7-31-10 Reno Gazette Journal

Lawsuit says pipeline will harm habitats

The Center for Biological Diversity filed a lawsuit Friday against two federal agencies, claiming they haven't adequately analyzed the threats to wildlife posed by the Ruby Pipeline project that would cross wilderness in Nevada and four other Western states.

"The Ruby Pipeline will cause severe damage to rivers and streams, sensitive habitats for a host of fish and wildlife species and some of the most pristine lands in western North America," said Noah Greenwald, endangered species specialist for the center.

"Instead of creating an entirely new path of destruction, an existing pipeline route should have been utilized," he said.

The center said the pipeline could present a danger to the threatened Lahontan cutthroat trout, which can be found in small creeks and streams across Nevada. The pipeline would cross 168 streams across the state. Digging the pipeline would require blasts near 118 streams.

It also said allowing trucks to use roads in the Sheldon National Wildlife Refuge in northern Washoe County contradicts its mission to protect wildlife.

The 680-mile natural gas pipeline would cut across some of the pristine and remote lands in Wyoming, Utah , Nevada, Oregon and California. The pipeline in northern Washoe County is so remote that the project is required to set up a work camp at Vya, which is about 200 miles north of Reno.

The lawsuit, filed Friday in U.S. Ninth Circuit Court of Appeals in San Francisco, is against the U.S. Bureau of Land Management and the U.S. Fish and Wildlife Service. It asks the court to order the agencies to review the project again.

El Paso Corp. spokesman Richard Wheatley said the company, which is building the pipeline, has no immediate comment on the lawsuit. He said the company plans to start construction any day, when the National Energy Regulatory Commission issues a notice to proceed, and he said the project will be finished in March as planned.

Earlier this month, the BLM agreed to issue rights-of-way on its land for the project in releasing its record of decision on environmental issues.

Ron Wenker, BLM director for Nevada, said El Paso has agreed to take numerous steps to mitigate the effects of its project on sage grouse, pygmy rabbits and wild horses as well as to protect migratory birds and fish.

While trucks will use roads in Sheldon refuge, any damage to the roads and nearby environment will be mitigated, he said.

El Paso Corp. is required to put the land back in shape and monitor it.
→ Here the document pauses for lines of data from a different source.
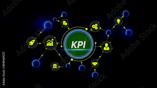 Green K P I circle with blue border and yellow business on black background key performance indicator
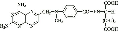 Methotrexat, ein Antimetabolit der Folsäure, der hauptsächlich als Cytostatikum eingesetzt wird. M. wirkt als Inhibitor der Dihydrofolsäurereductase, da es eine wesentlich stärkere Affinität zu diesem Enzym als Dihydrofolsäure hat. Als Antidot für die Behandlung mit M. steht Folinsäure zur Verfügung.
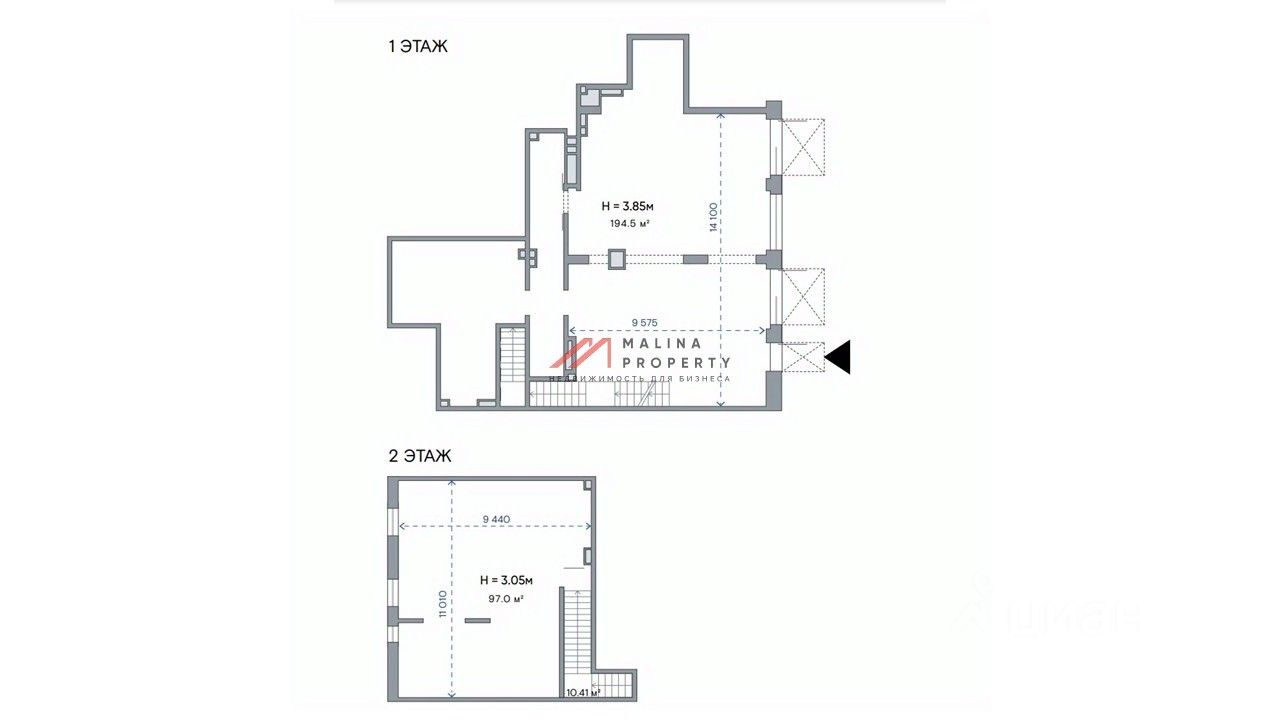 Двухуровневое помещение 301,9 м2 (194,5 м2 на 1 этаже и 107,4 м2 на 2 этаже), открытая планировка, отдельный вход с фасада, высота потолка 3,05 - 3,85 м, витринные окна по фасаду. Место для размещения рекламы.
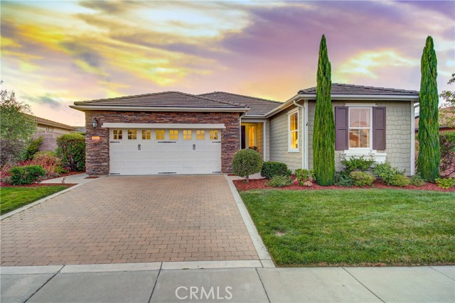 Stunning, single-level, 3/2, Monterey model with over $175k in custom luxury upgrades. This home has air conditioning, SOLAR, and gorgeous hickory hardwood floors. This turnkey home is loaded with custom features, including a gorgeous great room with a gas fireplace and built-in media center, large windows which bring in an incredible amount of natural light, open dining area with sliders to the incredible outdoor oasis featuring cement and paver patios, gas plumbed fire pit, peaceful and serene water fountain, lots of space for entertaining and a wonderful garden area that gets just the right amount of light for fruit, citrus trees and your own little vegetable garden. The gourmet kitchen has everything the cook might need, including a large Caeserstone center island, breakfast bar, espresso glazed cabinets, gorgeous travertine backsplash, Jenn-air stainless steel appliances, including a five burner stove top, pantry, pull out drawers, and more! The primary suite is on the West wing, and includes a nice big walk-in closet and primary bath with travertine floors and walk-in shower, quartz countertops, dual sinks, and private water closet. Travel down the East wing, and you will find an indoor laundry room with storage, a beautiful guest bath with traverti
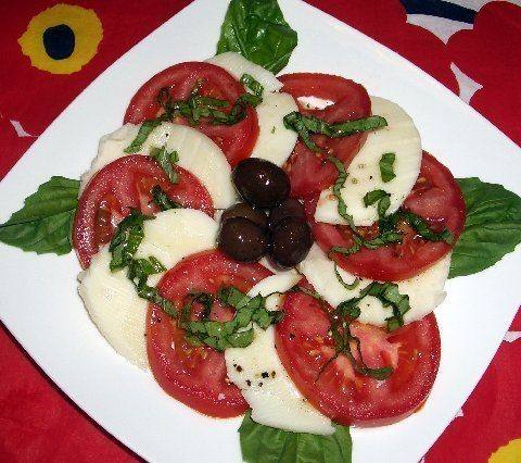 - رتبي بعض قطع الطماطم في طبق التقديم ورتبي فوقها الجبنة فوق كل حبة طماطم
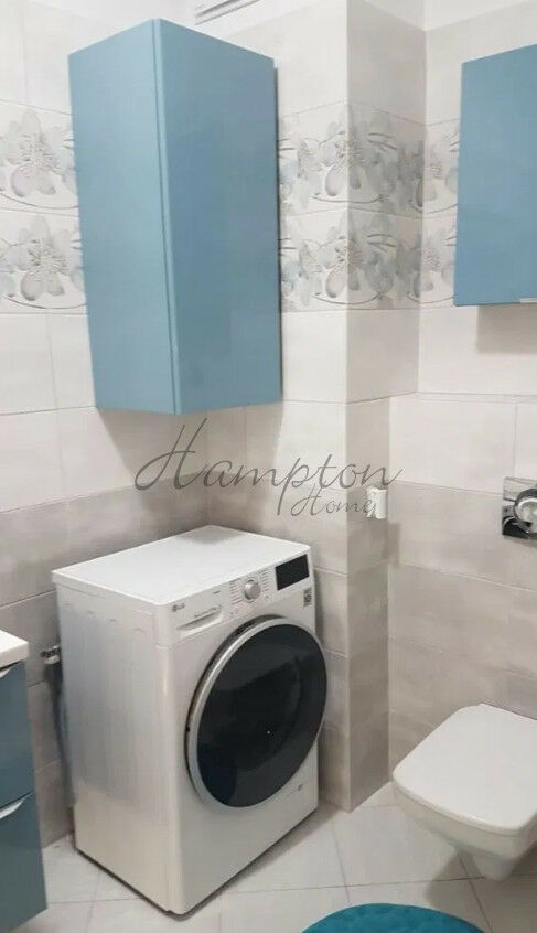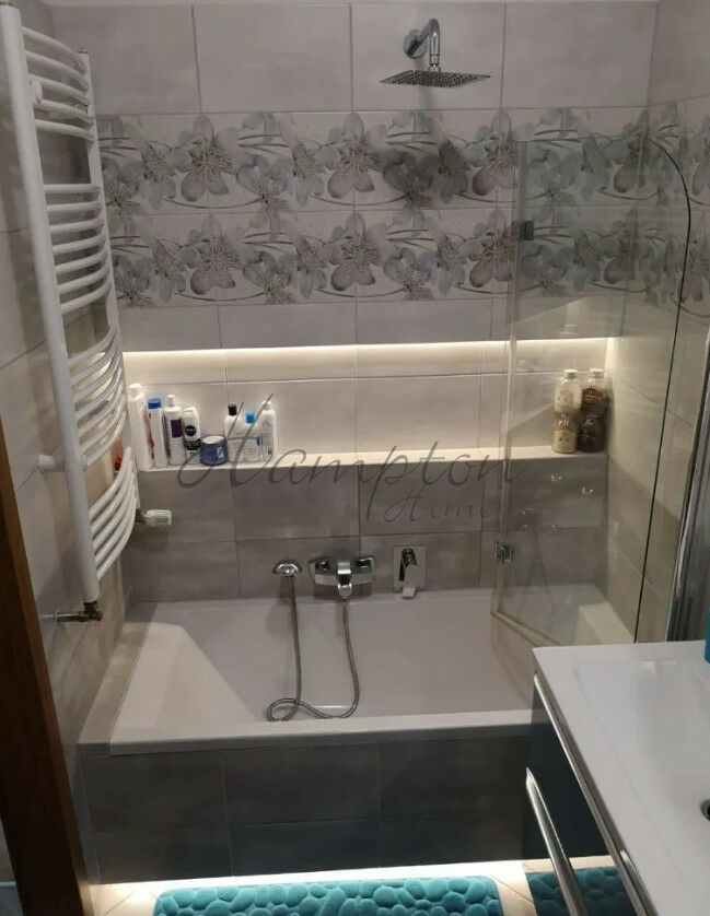 Łazienka funkcjonalna z meblami łazienkowymi, komfortowa wanna z deszczownicą, podświetlana ledami, duże lustro, nowoczesna pralka LG z dużą ilością funkcji.
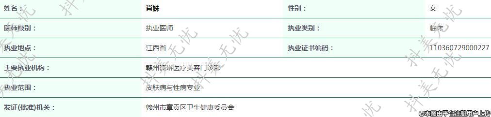 主要執(zhí)業(yè)機構(gòu):贛州薇琳醫(yī)療美容門診部
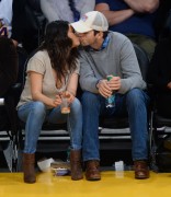 Mila Kunis "React after being shown on the video board during the "kiss me camera" feature during the game between the Oklahoma City Thunder and the Los Angeles Lakers" (19.12.2014) 4x+68x
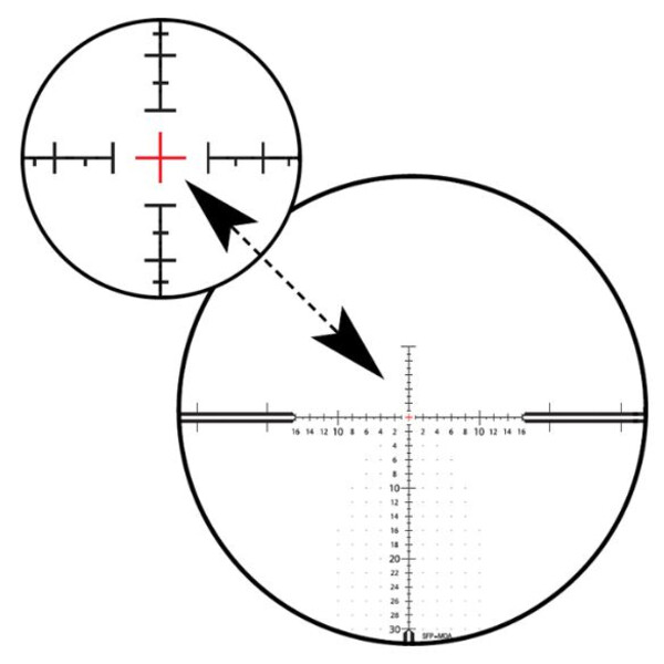 Le réticule ZMOAi-T30 est la version éclairée du ZMOA-T30. Il offre un équilibre parfait entre le tir sportif et la chasse. Les chasseurs et les tireurs sportifs préfèrent cette option pour leur lunette de visée Allround. Le réticule MOA (Minute of Angle) comprend des lignes de repère MOA et des points qui, au grossissement de référence, offrent un écart de 1 MOA et couvrent une chute de balle de 30 MOA. Les lignes latérales et les points d'arrêt sont extrêmement utiles pour la correction du vent et sont placés de manière à offrir une efficacité maximale et une distraction minimale dans le champ de vision. L'éclairage du réticule se limite à la fine croix centrale, ce qui évite l'éblouissement du tireur et offre un point de visée extrêmement efficace et précis dans des conditions de faible luminosité. La modification des dimensions de couverture et les valeurs qui en résultent pour compenser la chute de la balle et corriger la dérive due au vent peuvent être déterminées rapidement et précisément pour pratiquement toutes les munitions à l'aide de l'application ZEISS Hunting.
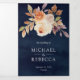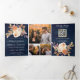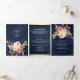 Invitación Tríptica Earthy Ivory Floral Navy Blue QR Code Boda

"(The company) has agreed full reclamation is expected and agreed to follow through to make sure it is successful," Wenker said.

Most of the pipeline is across BLM land in Nevada.

With the lawsuit filing, "it could really blow up in Ruby's face," said John Hadder, of the Great Basin Resource Watch in Reno.

"It's too bad," Hadder said. "If they have done everything right to begin with and looked at alternative routes, there wouldn't be all this opposition and they'd be building now and people would be employed."

The Great Basin group and the Sierra Club argued for the pipeline to follow a recently approved utility corridor along Interstate 80 across Nevada.

In Washoe County, the BLM said in its decision that it will continue to work with the company to investigate "microroute" changes around sensitive cultural resources.

In June, the Washoe County Commission issued a strong letter of protest, saying the Fort Bidwell Indian Tribe had not been adequately consulted concerning ancient artifacts. The tribe, in California near the Nevada border, also uses the area for gathering plants.

The report said the endangered Warner Creek sucker, Lost River sucker and Colorado pikeminnow also could be affected by the pipeline. The project also will disturb sage grouse and pygmy rabbits in Nevada.

Meanwhile, El Paso Corp. has angered ranchers in eastern Nevada with plans to create two trusts to spend $22 million to improve the sagebrush environment near the pipeline over the next 10 years.

The trusts could use those funds to purchase grazing rights on federal lands. But Wheatley said those purchases would be voluntary and the trusts would not be allowed to bid against ranchers in auctions.